Consider the Bayesian linear regression model $\mathbf{Y} = \mathbf{X} \bbeta + \vvarepsilon$ with $\vvarepsilon \sim \mathcal{N}(\mathbf{0}_n, \sigma^2 \mathbf{I}_{nn})$, a multivariate normal law as conditional prior distribution on the regression parameter: $\bbeta \, | \, \sigma^2 \sim \mathcal{N}(\bbeta_0, \sigma^2 \mathbf{\Delta}^{-1})$, and an inverse gamma prior on the error variance $\sigma^2 \sim \mathcal{IG}(\gamma, \delta)$. The consequences of various choices for the hyper parameters of the prior distribution on $\bbeta$ are studied.

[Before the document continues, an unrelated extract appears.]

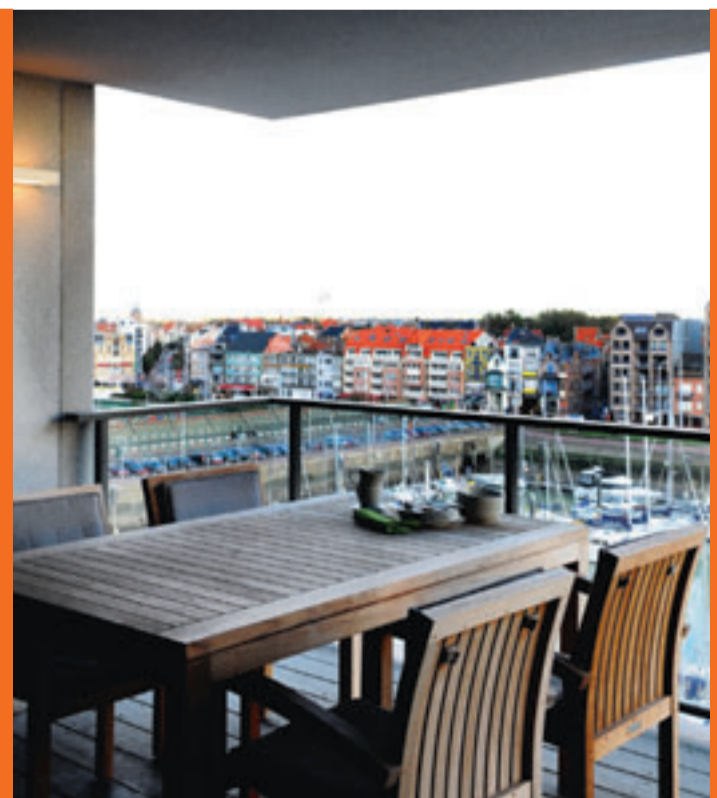
Het overdekte terras is een volwaardige buitenwoonkamer.

• Consider the following conditional prior distributions on the regression parameters $\bbeta \, | \, \sigma^2 \sim \mathcal{N}(\bbeta_0, \sigma^2 \mathbf{\Delta}_a^{-1})$ and $\bbeta \, | \, \sigma^2 \sim \mathcal{N}(\bbeta_0, \sigma^2 \mathbf{\Delta}_b^{-1})$ with precision matrices $\mathbf{\Delta}_a, \mathbf{\Delta}_b \in \mathcal{S}_{++}^p$ such that $\mathbf{\Delta}_a \succeq \mathbf{\Delta}_b$, i.e. $\mathbf{\Delta}_a = \mathbf{\Delta}_b + \mathbf{D}$ for some positive semi-definite symmetric matrix of appropriate dimensions. Verify:
[$] \begin{eqnarray*} \mbox{Var}(\bbeta \, | \, \sigma^2, \mathbf{Y}, \mathbf{X}, \bbeta_0, \mathbf{\Delta}_a) & \preceq & \mbox{Var}(\bbeta \, | \, \sigma^2, \mathbf{Y}, \mathbf{X}, \bbeta_0, \mathbf{\Delta}_b), \end{eqnarray*} [$]
• In the remainder of this exercise assume $\mathbf{\Delta}_a =\mathbf{\Delta} = \mathbf{\Delta}_b$. Let $\bbeta_t$ be the ‘true’ or ‘ideal’ value of the regression parameter, that has been used in the generation of the data, and show that a better initial guess yields a better posterior probability at $\bbeta_t$. That is, take two prior mean parameters $\bbeta_0 = \bbeta_0^{\mbox{{\tiny (a)}}}$ and $\bbeta_0 = \bbeta_0^{\mbox{{\tiny (b)}}}$ such that the former is closer to $\bbeta_t$ than the latter. Here close is defined in terms of the Mahalabonis distance, which for, e.g. $\bbeta_t$ and $\bbeta_0^{\mbox{{\tiny (a)}}}$ is defined as $d_M(\bbeta_t, \bbeta_0^{\mbox{{\tiny (a)}}}; \mathbf{\Sigma}) = [(\bbeta_t - \bbeta_0^{\mbox{{\tiny (a)}}})^{\top} \mathbf{\Sigma}^{-1} (\bbeta_t - \bbeta_0^{\mbox{{\tiny (a)}}})]^{1/2}$ with positive definite covariance matrix $\mathbf{\Sigma}$ with $\mathbf{\Sigma} = \sigma^2 \mathbf{\Delta}^{-1}$. Show that the posterior density $\pi_{\bbeta \, | \, \sigma^2} (\bbeta \, | \, \sigma^2, \mathbf{X}, \mathbf{Y}, \bbeta_0^{\mbox{{\tiny (a)}}}, \mathbf{\Delta})$ is larger at $\bbeta =\bbeta_t$ than with the other prior mean paramater.
[$] \begin{eqnarray*} d_M[\bbeta_t, \mathbb{E}(\bbeta \, | \, \sigma^2, \mathbf{Y}, \mathbf{X}, \bbeta_0^{\mbox{{\tiny (a)}}}, \mathbf{\Delta}); \mathbf{\Sigma}] & \leq & d_M[\bbeta_t, \mathbb{E}(\bbeta \, | \, \sigma^2, \mathbf{Y}, \mathbf{X}, \bbeta_0^{\mbox{{\tiny (b)}}}, \mathbf{\Delta}); \mathbf{\Sigma}], \end{eqnarray*} [$]
now with $\mathbf{\Sigma} = \sigma^2 (\mathbf{X}^{\top} \mathbf{X} + \mathbf{\Delta})^{-1}$.